Button and Meyer are Dallas County’s lone Republicans in the Texas House. Both support Abbott’s school choice plan.
Bishop told The News that Button’s support for vouchers and Texas abortion restrictions are top reasons she should be rejected by voters.
“I volunteer substitute taught in many of the schools that are now shut down due to underfunding in the district,” Bishop said. “The basic allotment hasn’t increased in six years, and families here in North Texas believe that the school voucher scam is giving them the freedom of choice, but true freedom is getting to send your child to a high quality, free public school education without the stress of having to finance a private education.”
Button said she’s always been a strong proponent of public education.
“Bottom line, we’ve got to give more money to public schools, but we also have to give parents choices,” Button said. “I believe education savings accounts give parents more choices.”
During a Dallas campaign stop Tuesday, Abbott told a crowd in the Escondido TexMex restaurant that Meyer, particularly as chairman of the House Appropriations Committee, had been a strong partner in reducing property taxes, securing the border and keeping Texans safe.
“We’ve got to have him back in Austin,” Abbott said. “We’ve got to have him there to lead Austin the way you want things led back home, because it’s you and your family values on the ballot on Election Day.”
Abbott, who earlier in the day campaigned in Universal City for Rep. John Lujan, R-San Antonio, did not mention his push for school choice. Meyer didn’t mention it either but said it was important to fully fund public education.
A spokesman for Abbott’s campaign said he’s expected to campaign in Dallas County next week for Button.
Plesa, the only House Democrat who hails from Collin County, could be a tough target for Republicans.
Plesa, an opponent of Abbott’s school plan, is seeking a second term after defeating Republican Jamee Jolly 50% to 49% in 2022. Plesa’s district, won by President Joe Biden in 2020, is trending toward Democrats, analysts say.
Abbott and his allies are working to protect targeted GOP incumbents, including Reps. Ben Bumgarner of Flower Mound, John Lujan of San Antonio, Janie Lopez of San Benito and Caroline Harris Davila of Round Rock.
Warning against overconfidence
While school choice played a pivotal role in many GOP primary contests, it is competing for attention with several issues in the general election, including border security, abortion and the presidential race.

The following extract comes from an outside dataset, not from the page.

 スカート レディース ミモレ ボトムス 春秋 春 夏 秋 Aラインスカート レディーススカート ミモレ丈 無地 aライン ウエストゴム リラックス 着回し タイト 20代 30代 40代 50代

“I am very bullish on that,” said Genevieve Collins, state director of Americans for Prosperity, which promotes voucherlike proposals. “School choice was on the ballot in the primary season. It’s less so during the general election. However, there’s certainly a lot of areas in the state that are focused on it, and it’s at least a top-three issue.”
Carney, Abbott’s political strategist, said the governor plans to spend “between $2 and $3 million dollars” from his campaign fund to boost Republican House candidates.

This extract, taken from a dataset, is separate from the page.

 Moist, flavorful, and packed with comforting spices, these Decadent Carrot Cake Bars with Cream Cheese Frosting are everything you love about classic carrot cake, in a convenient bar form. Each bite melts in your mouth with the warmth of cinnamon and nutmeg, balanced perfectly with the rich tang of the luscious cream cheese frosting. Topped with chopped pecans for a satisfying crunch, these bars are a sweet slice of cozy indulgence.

Abbott has given Meyer more than $50,000 and has sent $43,370 to Button and $17,800 to Kinard, Plesa’s Republican opponent in Collin County, according to financial disclosures.
Most Republican candidates, particularly incumbents, enjoy a strong fundraising advantage over Democrats, with groups like Texans for Lawsuit Reform directing money to the GOP ticket. Earlier this month, billionaire Elon Musk contributed $1 million to Texans for Lawsuit Reform, which has pushed tort reform and other issues involving civil and criminal justice.
Democrats are left at a disadvantage, said Mark Jones, a political scientist at Rice University.
“They have no real counterbalance to Greg Abbott and Texans for Lawsuit Reform,” he said.
Though Republicans were at odds in the primary, their unity now helps Abbott get his voucher plan.
“The big issue is can we grow the caucus?” Carney said. “That’s what we’re hoping to do.”
Carney said it helps that House Speaker Dade Phelan has made school choice a priority for next year’s legislative session, but he warned against overconfidence.
“Predicting what the Legislature is going to do is cray-cray,” he said.